We establish a new cell culture protocol and we found that “elderly” (or “late”) endothelial cells significantly inhibited osteoclast differentiation while “young” (or “early”) ones did not exhibit any effect on osteoclastic cells. This result showed that bone remodeling process depends on cell interactions and that regulating factors are differently expressed by the same cell across ages.
Based on these results and together with the expertise of the lab on cell communication, we decided to establish a new and unique co-culture model including three cell types, namely osteoblastic, endothelial and osteoclastic cells. We succeeded on this task and we are now analyzing the behavior of the three cells type in this model.
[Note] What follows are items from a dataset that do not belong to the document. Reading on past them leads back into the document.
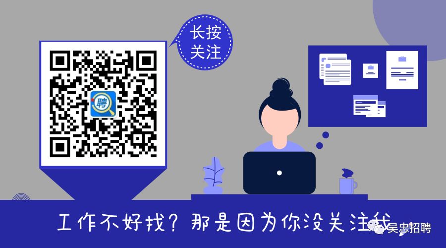 温馨提示:感谢你关注吴忠招聘微信公众平台,我们将竭诚为你提供招聘信息服务!因求职招聘诈骗现象较多,前往应聘时请提高警惕!谨防上当受骗!祝大家顺利找到好工作!
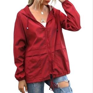 Women's Drawstring Hooded wind breaker/Rain Jacket - Versatile Long Sleeve Outerwear for Casual Comfort
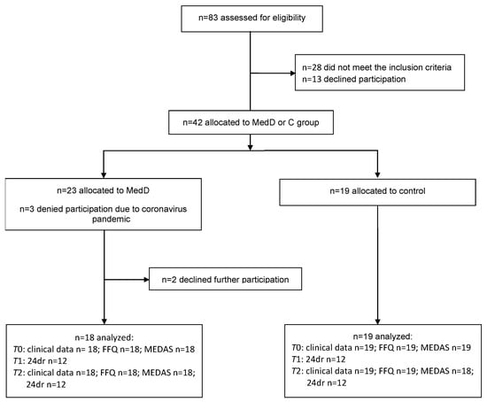 CONSORT flow diagram, modified according to [], 24dr = 24-h dietary recall, FFQ = food frequency questionnaire, MEDAS = Mediterranean Diet Adherence Screener.
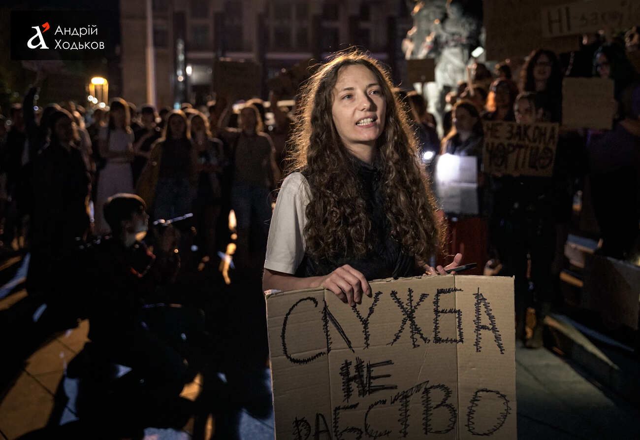 На акцію проти законопроєкту про відповідальність за СЗЧ прийшла народна депутатка Мар'яна Безугла
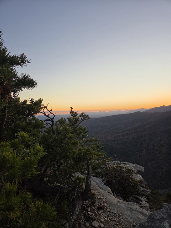 While it takes more effort to summit Shortoff Mountain, like Black Balsam, the views are pretty impeccable, so I kind of get the chaos. It was just unexpected. I will say, though, that—aside from the rock-gym Romeos—I was able to find a spot to watch the sunset a bit removed from the general craziness (the spot right where the trail flattens and you get your first view of the actual gorge). Would recommend and will be doing again.
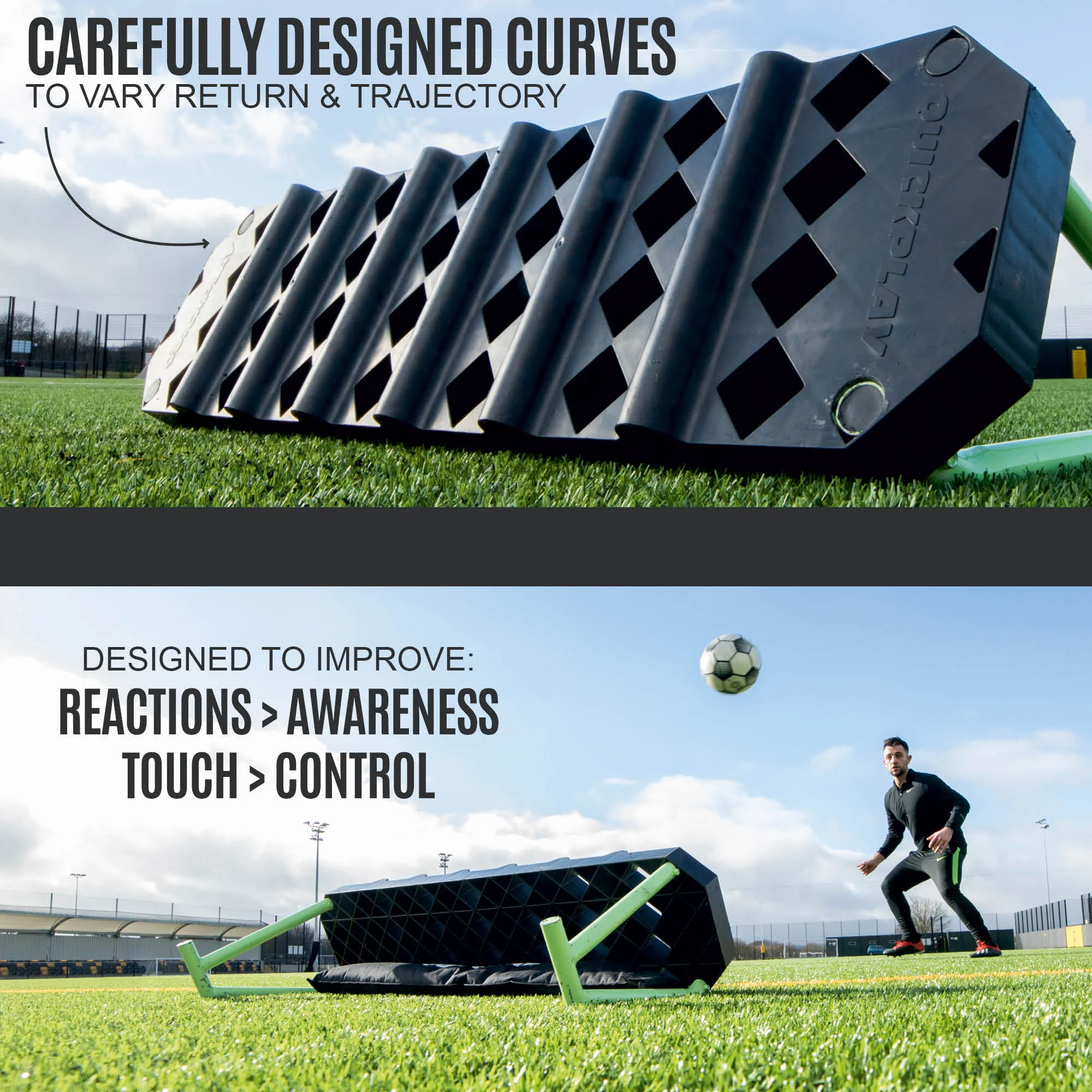QUICKPLAY REPLAY Station delivers dual-surface, dual-angle training so you can choose your focus. Use the flat face for crisp, predictable returns that sharpen ground passing and one-touch layoffs. Flip to the ribbed face for random reaction rebounds that forces quick feet, scanning, and fast decisions. Adjust the angle to work on low-driven passes, half volleys, aerial control, and first-touch out of your feet.
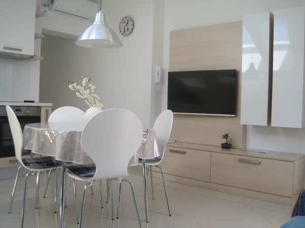 Družinska hiša s sodobno opremljenimi apartmaji s pogledom na morje iz vseh apartmajev. Apartmaji imajo zagotovljen parkirni prostor pred stavbo. Nahaja se v bližini morja in 300 metrov od znamenite mestne plaže pod hotelom Olympia.

Our promising results show that cell cultures of several different bone cell types are possible. However, our model lacks the main bone cell type, namely osteocytes. The next major step of the study will be to culture these cells in the same environment and to study their behavior. Such model would be valuable both for fundamental research to dissect bone cell communication patterns but also in applied research to understand the global mechanism of molecules on communicated cells. In a bone tissue engineering point of view, this studies will open new opportunities in the development of more efficient strategies/approaches.
Project Management:
The opportunity of starting my career with a Marie Curie Carrier Integration Grant gave me one of the best opportunities to start both research and teaching activities in the University of Bordeaux. First, getting this fund allowed me to start a project as an independent researcher, not only as a co applicant. I was also able to recruit a Master student, PhD student in dentistry and to hire a research assistant. The three direct consequences were, 1) an opportunity to present results of this work during international congresses 2) together with initiating new collaborations and 3) to get recently, as co-applicant, a regional starting grant. Finally, considering another part of my career, this grant positively helped me to get, two year ago, a permanent position as associate professor in physiology and to be nominated as person in charge of a 2 years Master course in Biomaterials and Medical Devices.
Working in the laboratory INSERM U1026 (http://www.u1026.u-bordeaux2.fr/) as an independent research and promoting my research activities was essentially due to the Marie Curie grant. Regarding the research part of the re-integration, I am an independent researcher being part of a research group leads by Joelle Amédée and working on new bone tissue engineering strategies with two share research associate. Unfortunately, I was not able to hire any post doctoral or PhD student due to the lack of fund that compels me to work with only 2 Master students and one PhD student in dentistry. To confirm the success of my re-integration, I was nominated, in January 2013, as head teacher of a 2 years Master course in Biomaterials and Medical Devices (http://www.u-bordeaux.fr/formation/PRMABS_142/master-professionnel-mention-biologie-sante-specialite-biomateriaux-et-dispositif-medicaux). Similarly, a year ago I was nominated at the scientific board of the SFBTM (French Society for the Biology of Mineralized Tissues). Taking together, I am creating a growing network around the field of biomaterial and medical devices mainly targeted to bone diseases and I try and get together researchers from public laboratories and company leaders to initiate new projects linked on the topic of bone regeneration. From one of this collaboration, one project, still related to the close relationship between osteoclastic cells and endothelial cells, namely [“operating data of the skeletal system to understand the regulation of the exchange factor FGD1 by the TFG-ß in endothelial aortic cells”) was submitted to a regional research group (SFR TECSAN) and was granted (15k€) in July 2013 for a period of one year. This grant is a starting grant that will be used as fundament for a national research grant project (ANR, 3 years, 200k€) that was submitted in october 2014. I plan to use this grant both to consolidate the collaboration with the co-applicant (Dr. Elisabeth Genot), to get PhD. and/or postdoctoral students and to continue with the next step of the EOBoTE project.
Scientific conferences:
- Aussel A., Thebaud N., Amédée J., Le Nihouannen D.: Réalisation de cocultures pour analyser l’interaction cellules endothéliales/ostéoclastes (oral communication). 15ème Journées Françaises de biologie des tissus minéralisés (2013).
- Aussel A., Thebaud N., Bareille R., Amédée J., Le Nihouannen D.: Coculture system to analyse osteoclast and endothelial cell communication (poster). The scientific day of the Federal Structure Research (FSR) “Technologies for Health” (2013).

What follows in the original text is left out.